• WHAT YOU HAVE TO DO: Retype each line of the data below exactly, beginning with the first and ending with the one that contains "좋아하는 연예인의 설레는". Pictures do not belong in the copy.

Segment Start: DATA

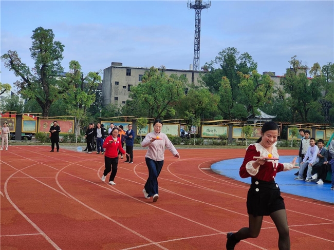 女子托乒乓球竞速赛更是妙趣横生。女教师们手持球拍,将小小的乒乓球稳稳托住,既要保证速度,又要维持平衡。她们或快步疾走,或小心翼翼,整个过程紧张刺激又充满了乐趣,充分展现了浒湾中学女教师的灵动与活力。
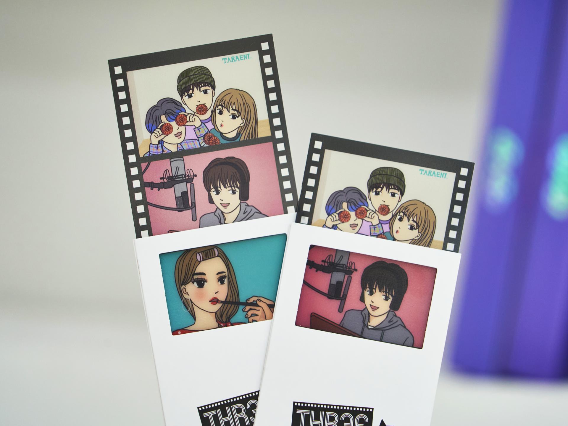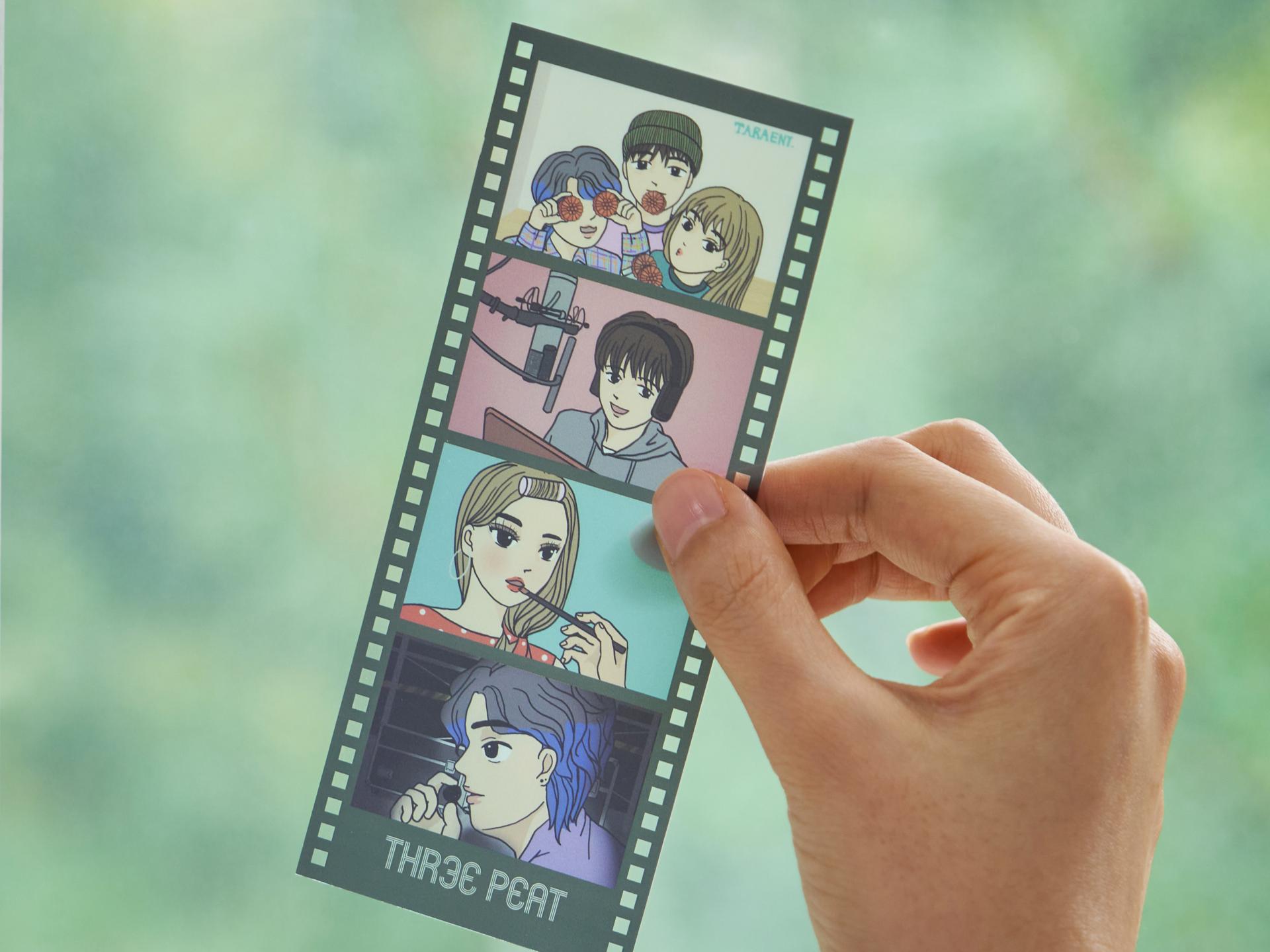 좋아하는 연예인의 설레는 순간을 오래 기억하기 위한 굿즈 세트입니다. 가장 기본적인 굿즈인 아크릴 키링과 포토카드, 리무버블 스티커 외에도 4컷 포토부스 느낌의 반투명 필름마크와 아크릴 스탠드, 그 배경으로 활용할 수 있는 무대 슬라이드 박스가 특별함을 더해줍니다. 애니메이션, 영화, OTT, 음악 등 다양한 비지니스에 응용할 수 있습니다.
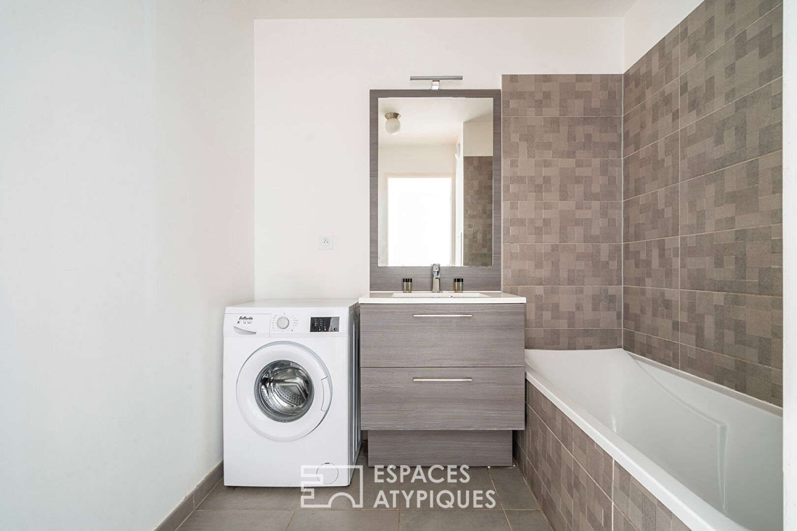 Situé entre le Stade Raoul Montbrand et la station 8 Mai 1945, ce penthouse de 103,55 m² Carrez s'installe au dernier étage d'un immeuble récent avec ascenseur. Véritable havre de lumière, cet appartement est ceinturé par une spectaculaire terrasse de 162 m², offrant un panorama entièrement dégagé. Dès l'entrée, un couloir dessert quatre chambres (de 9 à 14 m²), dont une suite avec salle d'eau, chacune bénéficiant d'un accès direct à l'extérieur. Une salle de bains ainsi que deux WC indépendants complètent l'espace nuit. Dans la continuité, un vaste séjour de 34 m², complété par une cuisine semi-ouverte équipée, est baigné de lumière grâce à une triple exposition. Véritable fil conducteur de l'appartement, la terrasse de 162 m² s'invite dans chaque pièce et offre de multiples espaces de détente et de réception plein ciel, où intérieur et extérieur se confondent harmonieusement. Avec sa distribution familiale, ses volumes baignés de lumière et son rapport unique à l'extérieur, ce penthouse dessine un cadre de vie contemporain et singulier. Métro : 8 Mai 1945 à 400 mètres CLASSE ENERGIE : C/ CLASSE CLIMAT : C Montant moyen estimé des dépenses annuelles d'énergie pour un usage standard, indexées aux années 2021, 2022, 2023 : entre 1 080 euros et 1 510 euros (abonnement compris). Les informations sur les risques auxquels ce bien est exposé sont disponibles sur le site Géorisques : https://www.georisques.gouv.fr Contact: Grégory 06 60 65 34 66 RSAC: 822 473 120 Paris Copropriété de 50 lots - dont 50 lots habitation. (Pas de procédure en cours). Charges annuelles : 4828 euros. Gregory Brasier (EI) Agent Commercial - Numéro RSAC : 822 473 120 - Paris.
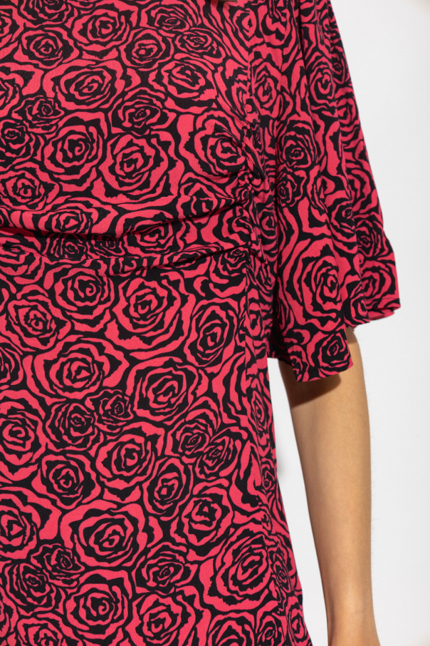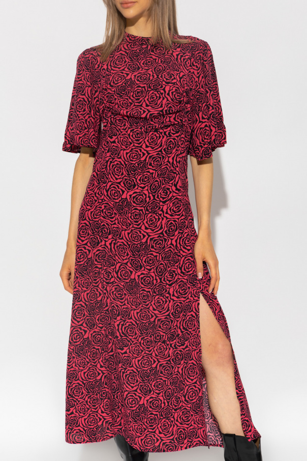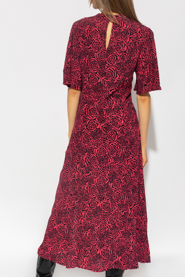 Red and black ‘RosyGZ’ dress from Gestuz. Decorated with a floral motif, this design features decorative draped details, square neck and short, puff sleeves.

Segment End: DATA

• TASK OUTPUT:
 女子托乒乓球竞速赛更是妙趣横生。女教师们手持球拍,将小小的乒乓球稳稳托住,既要保证速度,又要维持平衡。她们或快步疾走,或小心翼翼,整个过程紧张刺激又充满了乐趣,充分展现了浒湾中学女教师的灵动与活力。
 좋아하는 연예인의 설레는 순간을 오래 기억하기 위한 굿즈 세트입니다. 가장 기본적인 굿즈인 아크릴 키링과 포토카드, 리무버블 스티커 외에도 4컷 포토부스 느낌의 반투명 필름마크와 아크릴 스탠드, 그 배경으로 활용할 수 있는 무대 슬라이드 박스가 특별함을 더해줍니다. 애니메이션, 영화, OTT, 음악 등 다양한 비지니스에 응용할 수 있습니다.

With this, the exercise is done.